▶ [Task to carry out]: Please return the listing exactly as it stands, skipping any pictures.

▶ [Available data]:
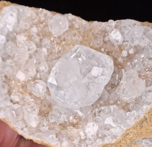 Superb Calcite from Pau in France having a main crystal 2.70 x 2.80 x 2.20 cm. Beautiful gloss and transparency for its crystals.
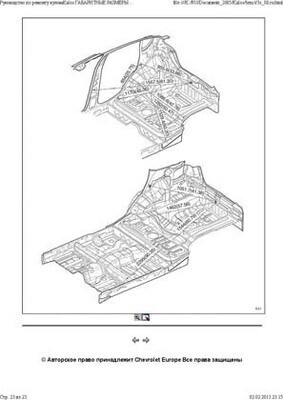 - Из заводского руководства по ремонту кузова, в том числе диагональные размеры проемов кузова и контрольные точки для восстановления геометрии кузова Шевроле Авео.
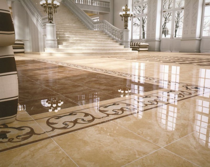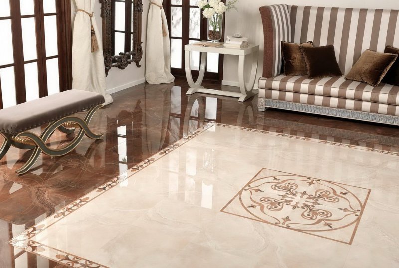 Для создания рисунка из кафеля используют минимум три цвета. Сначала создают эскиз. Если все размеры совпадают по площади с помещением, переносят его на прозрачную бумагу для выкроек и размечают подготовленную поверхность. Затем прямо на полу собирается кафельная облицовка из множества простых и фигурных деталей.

▶ [Exercise response]:
 Superb Calcite from Pau in France having a main crystal 2.70 x 2.80 x 2.20 cm. Beautiful gloss and transparency for its crystals.
 - Из заводского руководства по ремонту кузова, в том числе диагональные размеры проемов кузова и контрольные точки для восстановления геометрии кузова Шевроле Авео.
 Для создания рисунка из кафеля используют минимум три цвета. Сначала создают эскиз. Если все размеры совпадают по площади с помещением, переносят его на прозрачную бумагу для выкроек и размечают подготовленную поверхность. Затем прямо на полу собирается кафельная облицовка из множества простых и фигурных деталей.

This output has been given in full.